John Hurrell – 16 August, 2018
Weston calls his show 'Eschathon', a word for the final stages leading to the extinguishing of life on the planet. Although many of the references don't cohere chronologically the aircraft skin could be a metaphor for feeble planetary protection—a kind of woeful shield—and 'stereo dee.discovery' possibly a symbolic fire extinguisher that sets out to confront the impending conflagration.

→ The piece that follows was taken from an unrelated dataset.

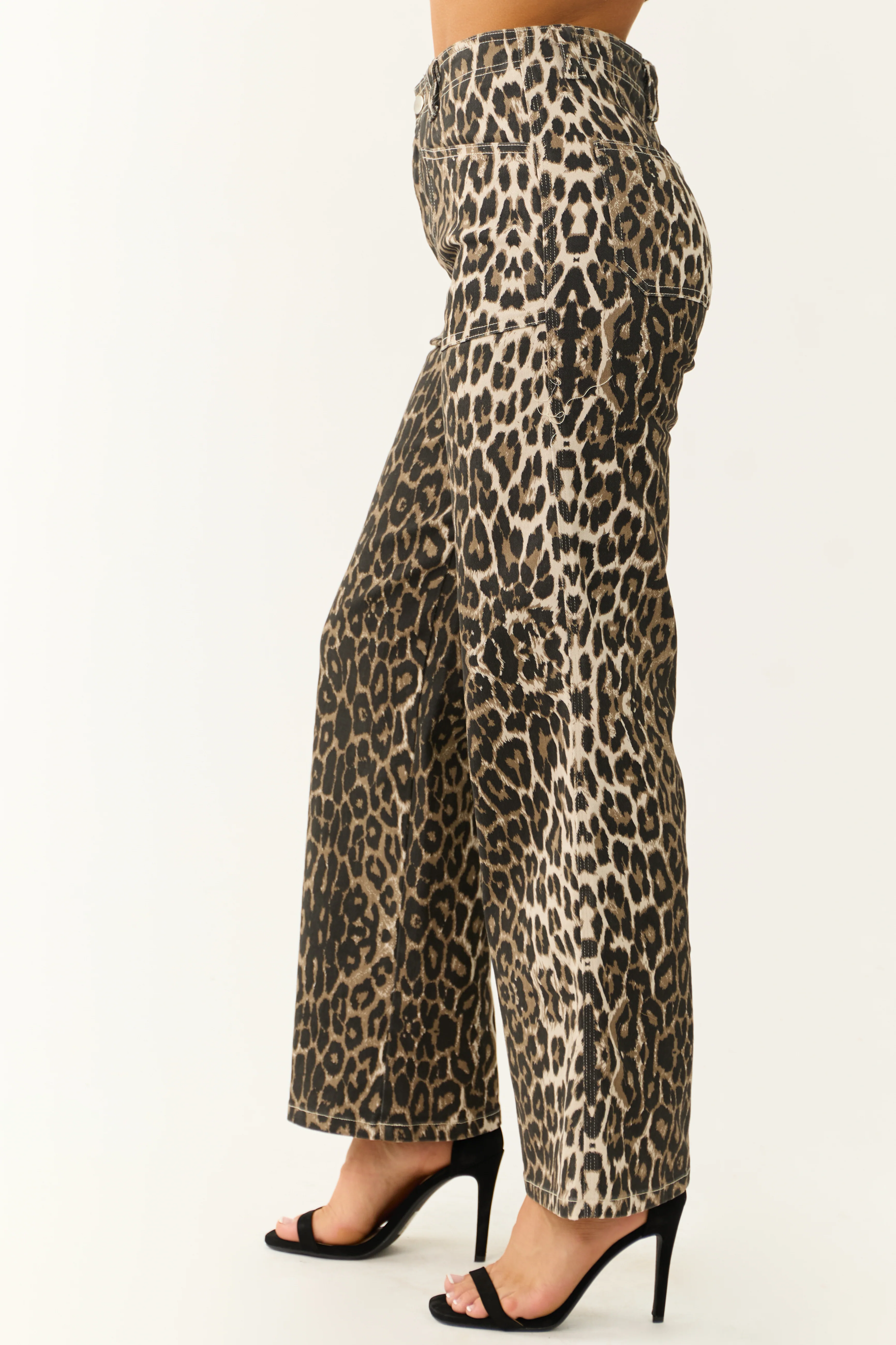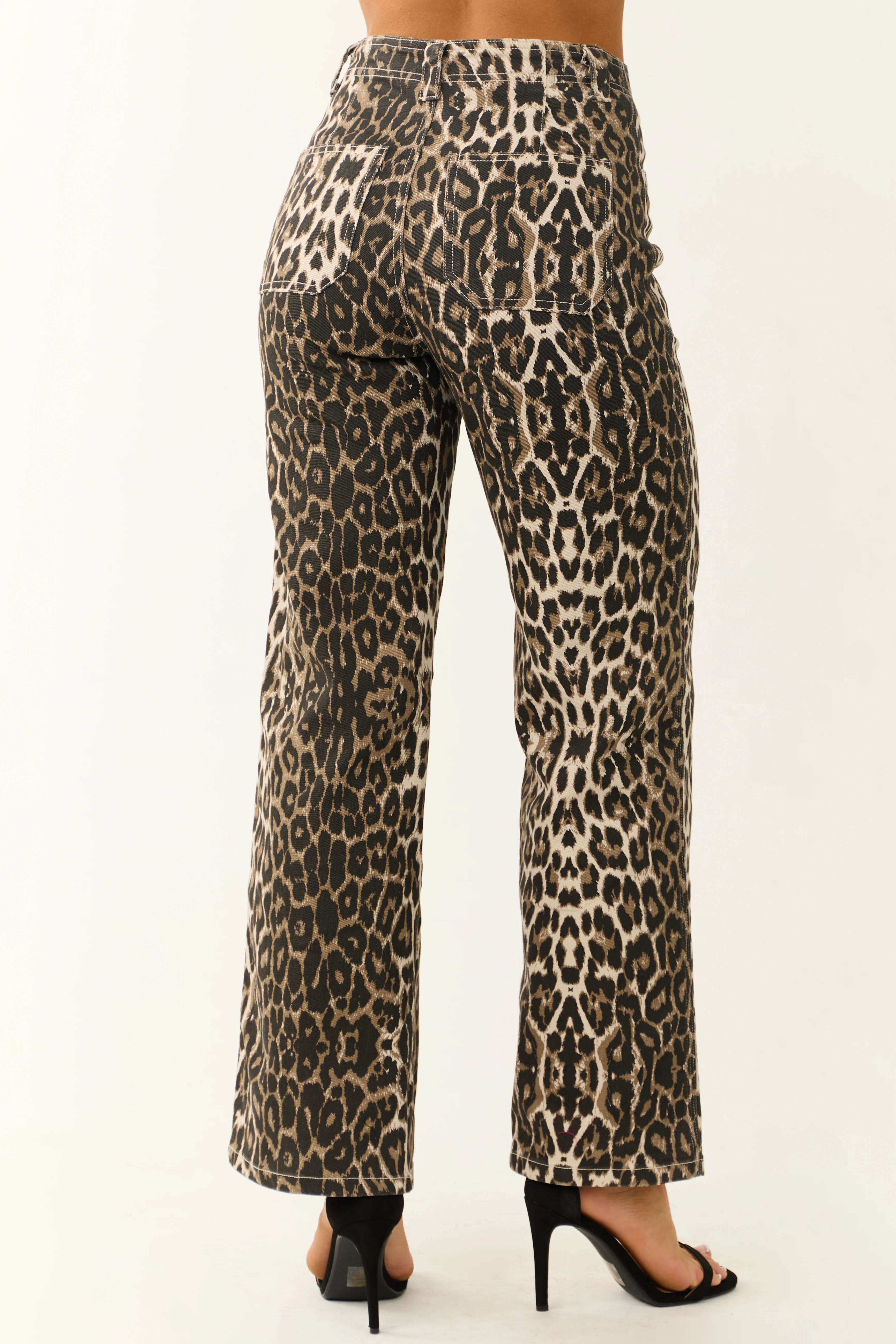 Camel Leopard Print Denim Wide Leg Pants

With this exhibition Ian Peter Weston continues the fixation he is known for, an obsession with aircraft design (often Lancaster bombers from WW2) and the panelled metal skins that cover their tubular fuselage. He typically combines this intense interest with an investigation of the gallery space, projecting sculpture directly horizontally out from the wall or—as in this show—having a aluminium panelled screen (after icarus fallen) going out towards the centre of the room.
It supports four ‘canvases’ of absorbent paper towels that reference the shapes of the pieces of aluminium, and a few blocks of brushed on ‘hospital green’. It stands on storklike legs, like a freestanding (or hovering in the air) vertical painting holding more works; but with diagonal supporting struts extending back to the wall.
Weston presents three sculptural works in this show, all attached to the outer walls. Two you can get behind and look at their ribbed and cantilevered ‘backs’. The other one clings to the wall, and in fact has flaps presenting ‘windows’ onto the wall. It is a strange, vertically aligned fetish item with lines of studs and rivets, circular silver clips and rectangular brackets, shiny copper-coloured brushed surfaces and a hanging fire extinguisher-type pull-tab.
It vaguely resembles a crucifix cum crossbow, a catapult missile launcher that is also cabin furniture—a menace as much as an emergency aid—with a tubelike protrusion (wrapped in sponge-rubber) that extends out into the room like a ray-gun. stereo dee. discovery has a low electrical hum, warning you it is aware of your every move.
after icarus fallen, the silver screen with paper towels, seems a fetish item too. Perhaps the unfortunate Icarus was a bomber pilot who ended up in hospital swathed in towels. The reflective aluminium interacts with the ambient light to make the screen appear to be a moving, living object, inhabited by a spirit.
The other sculpture, the very joy of killing angels, a horizontal half-cylinder of silver aircraft shell that constantly vibrates, has a painted image of the American flag (with cursively written ‘Old Glory’) in front of an ascending orange sun-traditionally a Japanese motif. It has the names of two Civil War dead from the Merrill family painted on its front, and at the back we see—leaning on some armatures—a black/white photo of the body of a contemporary American soldier lying in a rocky gulch.
Weston calls his show Eschathon, a word for the final stages leading to the extinguishing of life on the planet. Although many of the painted references don’t cohere chronologically, the aircraft skin could be a metaphor for feeble planetary protection—a kind of woeful shield—and stereo dee.discovery possibly a symbolic fire extinguisher that sets out to confront the impending conflagration.
This artist likes to keep interpretive options loose and not direct his audience. He encourages any creative participation that conceptually locks sculpture and exhibition title together—any mental overview that generates a structure implicating American military activity (past, present and future) and the coming ecological apocalypse.